Thierno Lô, ancien ministre sous Abdoulaye Wade, aujourd’hui PCA de Sen-Ter et Président de l’Alliance pour la Paix et le Développement (A.P.D), se dit outré par la violence et la promotion d’anti valeurs. Il était l’invité du « Grand oral » sur Rewmi Fm.  

 

Frapp et Y’en marre estiment qu’il y a une justice à deux vitesse. Etes-vous d’avis ?

Je reconnais que c’est une expression de liberté à encourager et que le Sénégal est un exemple de démocratie. Il faut la préserver car il ne faut pas qu’il y ait recul de cette démocratie. Ceci étant, l’expression des droits doit s’accompagner du respect des devoirs. Je ne suis pas de ceux qui pensent que la justice sénégalaise est une justice à double vitesse. C’est le sentiment  de quelqu’un qui a perdu un procès et qui n’est pas avantagé. Les gens qui ont été devant la justice et qui ont recouvré leur liberté et leur droit, quand ils sortent, sont satisfaits. Seul Dieu ne se trompe pas. Des juges peuvent se tromper, mais il faut qu’on les respecte et on ne doit pas fragiliser cette institution. Il faut essayer de façon intelligente de faire des réformes dans toutes les structures de ce pays.
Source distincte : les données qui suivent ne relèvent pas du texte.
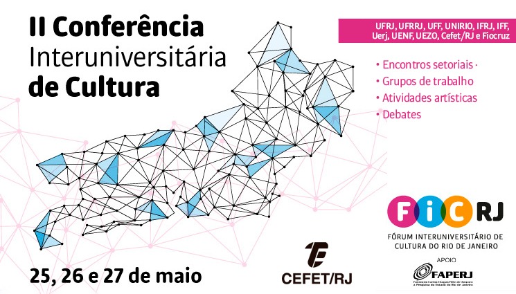 A II Conferência Interuniversitária de Cultura, que acontecerá nos dias 25, 26 e 27 de maio, reunirá representantes de dez instituições públicas de ensino superior e de pesquisa do estado do Rio de Janeiro e também contará com a participação de artistas, professores, alunos, pesquisadores e técnicos vinculados a essas instituições e da sociedade em geral. A programação será totalmente remota e transmitida por meio do YouTube e do Zoom.

Kilifeu arrêté, ses camarades estiment qu’il ne doit pas rester en prison.  Quelle appréciation faite-vous de leur démarche ?

Le nouveau comportement que nous avons au Sénégal n’est pas spécifique à Y’en a marre. C’est un mal qui est en train de gangréner le Sénégal  et il faudrait se dire la vérité, sinon on va  tout droit vers les dérives. Comment comprendre que des gens se lèvent un bon jour pour légiférer et dire que tel sorte de prison ? Kilifeu, je le respecte beaucoup et il participait à des activités de mon parti et mon école du parti est Open car il faut des débats. Tout n’est pas négatif, car ce sont des jeunes qui ont des programmes. J’ai regardé son portable, mais ce que j’ai vu comme programme de jeunesse,  élément de promotion de la destination Sénégal, je me suis dit que ces garçons pouvaient être beaucoup plus utiles. Alors, mais, quoi qu’il puisse être, personne  n’a le droit de légiférer. Il faut laisser la justice faire son travail. Je suis sidéré quand je vois des gens qui aspirent à diriger ce pays marcher avec des jeunes qui veulent mettre au rabais la justice de notre pays. Je suis sidéré de les voir demander à des jeunes de ne pas répondre à des convocations de justice. C’est ça le mal de notre classe politique. Les politiciens ont des problèmes, parce que le discours et les comportements sont différents quand vous êtes au pouvoir.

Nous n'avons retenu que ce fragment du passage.